A de rares exceptions près comme Jim Mattis, la Maison Blanche a la ferme intention de frapper un coup en Corée du Nord pour dissuader Kim Jong-un de poursuivre son programme d'armement nucléaire. Cela fait des mois que ça les démange, mais comme annoncé (voir "Bonne année 2019"), ils devraient au moins attendre la fin des Jeux Olympiques de Pyeongchang.

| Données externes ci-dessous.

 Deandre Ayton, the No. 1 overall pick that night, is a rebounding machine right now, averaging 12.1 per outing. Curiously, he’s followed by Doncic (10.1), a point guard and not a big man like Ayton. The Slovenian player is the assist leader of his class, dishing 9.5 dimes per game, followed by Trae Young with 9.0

Les motivations avancées par les partisans les plus acharnés des frappes préventives font froid dans le dos:
- H. R. McMaster, le principal conseiller de Trump en matière de sécurité, et un vétéran plus habitué aux conflits sur des territoires eloignés, se trompe en pensant que KJU est un leader moins rationnel que son propre boss. Comme si des centaines de milliers d'Américains ne vivaient déjà pas à portée des armes conventionnelles de Pyongyang, et comme si un conflit n'allait pas avoir de répercussion majeures dans la la péninsule et sur le reste du monde, il n'a aucun état d'âme à voir s'empiler les cadavres loin des States plutôt que sur le sol américain. Lindsay Graham ne dit pas autre chose quand il avance qu'il vaut mieux que ça se passe 'là bas' que 'ici'. Le summum de cette vision 'Shithole Country' de l'extrême orient est peut-être David Alan Adams, un ancien capitaine de la Navy qui a réussi a planter son sous-marin nucléaire, et qui affirme qu'il vaut mieux prendre le risque maintenant pour être fixé tout de suite (voir "Alert!").

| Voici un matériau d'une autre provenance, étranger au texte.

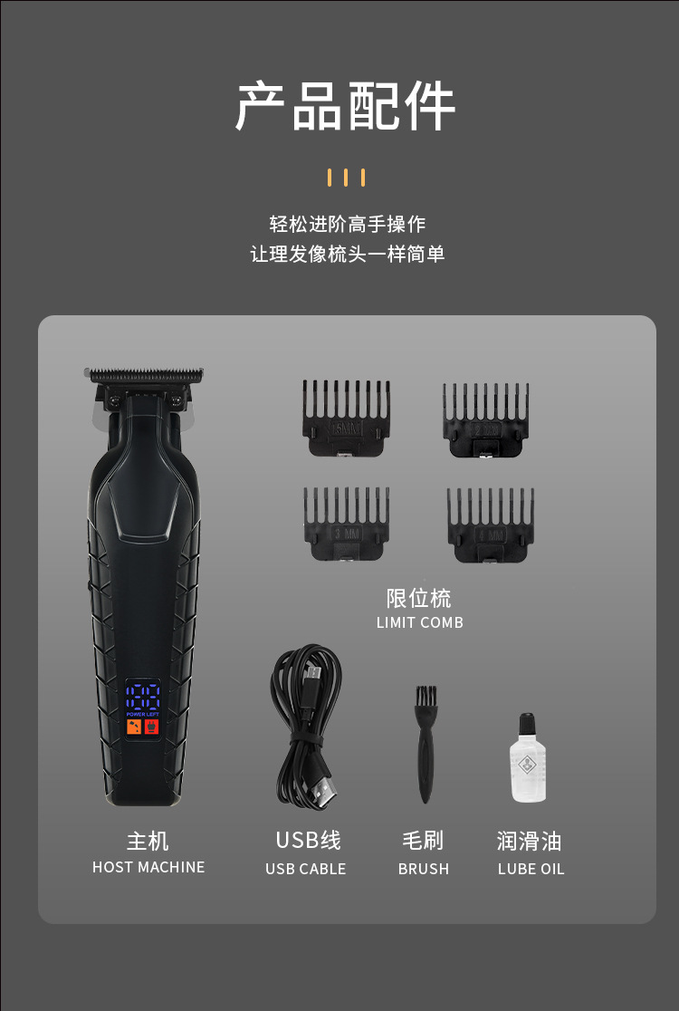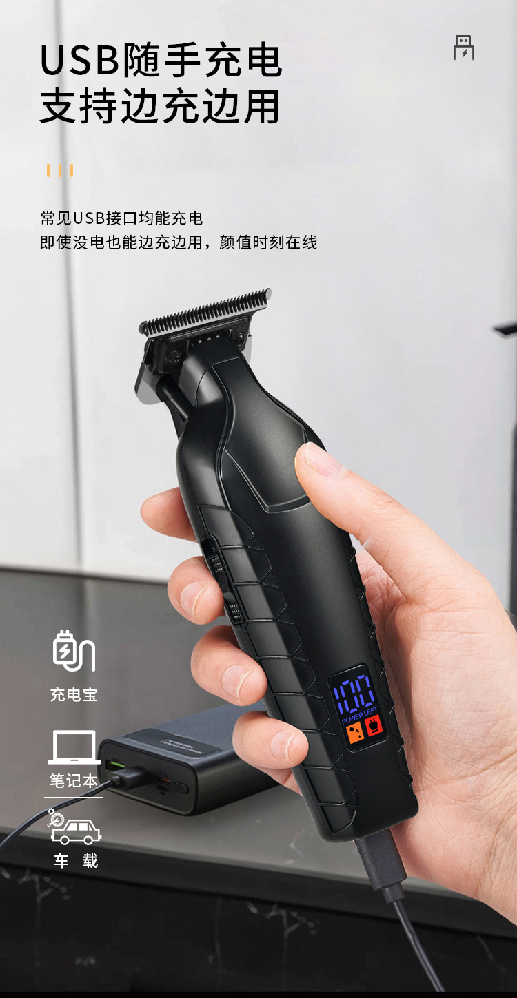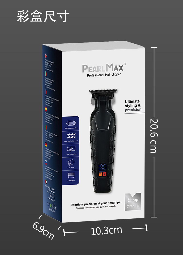 Pearl Max油头雕刻电推剪,发廊专用理发推子,LED数显光头神器理发器。核心卖点:精准雕刻油头,LED数显实时监控电量与速度,高效理发不卡发。

- Les conseillers politiques du Président, une équipe d'extrémistes réputés pour leur incompétence crasse en matière diplomatique, semblent l'avoir persuadé qu'une frappe serait bonne pour la campagne législative de novembre prochain. Comme si la situation dans la péninsule était aussi 'simple' que celle en Syrie.
- Victor CHA, ce faucon sur le point de rejoindre Séoul comme Ambassadeur des Etats-Unis, qui avait même retweeté l'essai corrosif d'Adams en signe de bonne volonté, a visiblement fini par refuser d'aller jusqu'au bout - écarté au dernier moment par la Maison Blanche, il a écrit une tribune libre* dans le Wall Street Journal rappelant les enjeux et exposant la légèreté - pour ne pas dire l'incompétence - avec laquelle certains envisagent de telles frappes.
Pour la faire simple: il y a clairement des risques de ne rien faire, mais il y a des risques encore plus clairs de frapper, et il y a clairement d'autres options moins risquées.
Les risques de ne rien faire: Pyongyang a développé des armes nucléaires d'une part, et des missiles capables d'atteindre l'ensemble du territoire américain d'autre part. Si la combinaison des deux n'est pas déjà au point, cela n'est probablement qu'une question de mois, et cette réalité, Washington refuse de l'accepter. Mais au-delà, l'ensemble de la communauté internationale redoute une accélération de la prolifération nucléaire. Si on laisse faire la Corée du Nord, comment empêcher d'autres de s'armer? L'idée fait déjà son chemin chez les voisins du Sud comme au Japon, surtout au moment où l'Amérique de Trump cède du terrain à la Chine de Xi Jinping. Par ailleurs, étouffée par les sanctions mais experte dans les échanges illicites, Pyongyang pourrait chercher à monnayer ses technologies auprès d'organisations encore plus difficiles à contrôler et enclines à les utiliser...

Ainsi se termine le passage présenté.